Pemberton had done well, more than well; the article was pitch-perfect. So why, then, did it leave Max cold? A few hours before, it would have had him racing downstairs to congratulate the author.

Pemberton would get his pat on the back, and the piece would go out in the Weekly Bulletin, but Max would know it for what it was: another lie peddled to the masses. They weren’t one happy family pulling together in adversity. His experience at the Cassars’ house had made that starkly clear to him.

He remembered something that Charles Headley, his former boss and mentor, had said to him soon after his arrival at the Information Office.

“You know what the great thing about our line of work is, old man? I’ll tell you, it’s very simple.
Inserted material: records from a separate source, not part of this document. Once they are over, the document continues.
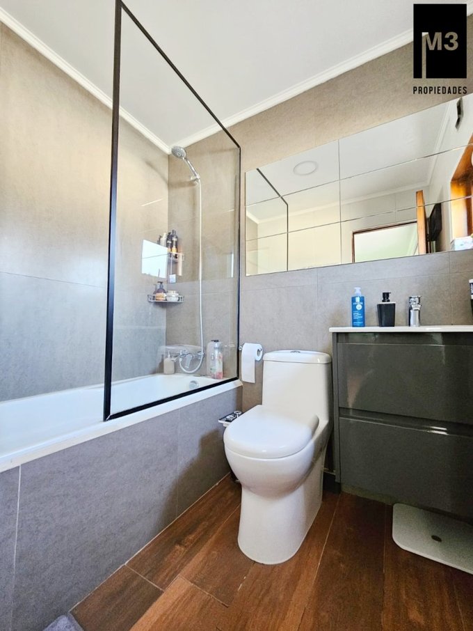 - Dos dormitorios adicionales que comparten baño moderno con shower door.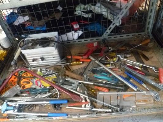 SCISSORS, SAW, SPANNERS, POP RIVET GUNS, MECHANICS TOOLS, ETC, 1 x BAY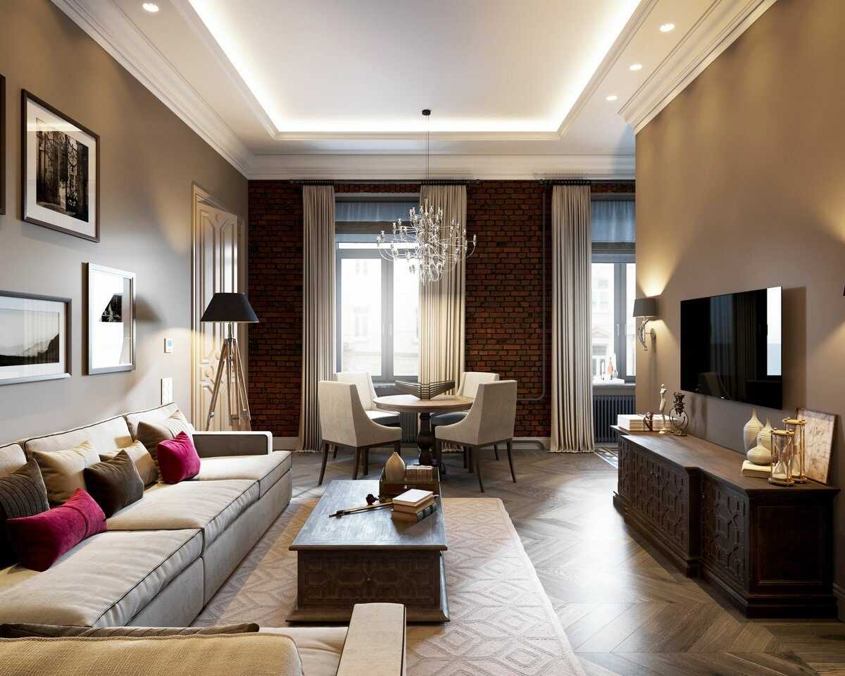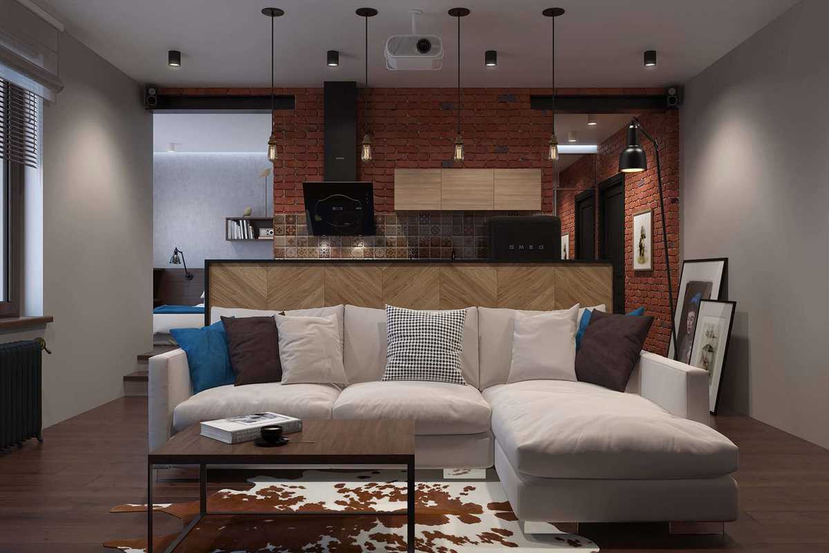 Одна стена из кирпича в стиле лофт «не съест» много пространства, если правильно учесть перспективу. В удлиненной комнате эту стену размещают напротив окна, чтобы она была максимально освещена естественным способом.

A lie can make its way halfway round the world before the truth has a chance to put its boots on.”

There was probably no less truth in those words now than there had been at the time, but for once Max found himself calling into question the words’ central assumption—that the power of a lie was something to be admired and cherished.

How much angrier would those grieving women at the Cassars’ have been with him had they known the truth about Carmela’s death? The answer, he suspected, was that they would have been less angry.

Thanks to Lilian, he knew the Maltese well enough by now to say that they would at least have respected him for his honesty. They were an ancient people, a wise people. They had seen civilizations come and go around their island home, and yet they were still there, as they would always be, with their wry humor, their rough savoir faire, and their burning faith. Max and his kind were simply passing through. Maybe their hosts deserved a little more credit, a little more respect.

He could see where he was going with this, and he knew the reason why. He had just been insulted, intimidated, threatened with court-martial, even blackmailed. More than anything, it was the blackmail that angered him. Exploiting his friendship with Lilian to keep him in line was about as low as it got. So much for the happy family.

Feeling his hackles rising again, he lit another cigarette and did something he hadn’t done in a long while when caught in a quandary: he asked himself what his father’s advice would be to him.

The sun was at its zenith, and the heat rising in waves from the zinc roof was almost unbearable, but a small chill ran the length of Max’s spine when the answer came to him.

The town of Mtarfa lay scattered along the ridge just north of Mdina, its skyline dominated by the austere military architecture of the 90th General Hospital. The sprawling complex of wards and accommodation blocks had consumed the army barracks nearby to offer more than a thousand beds to the sick and wounded.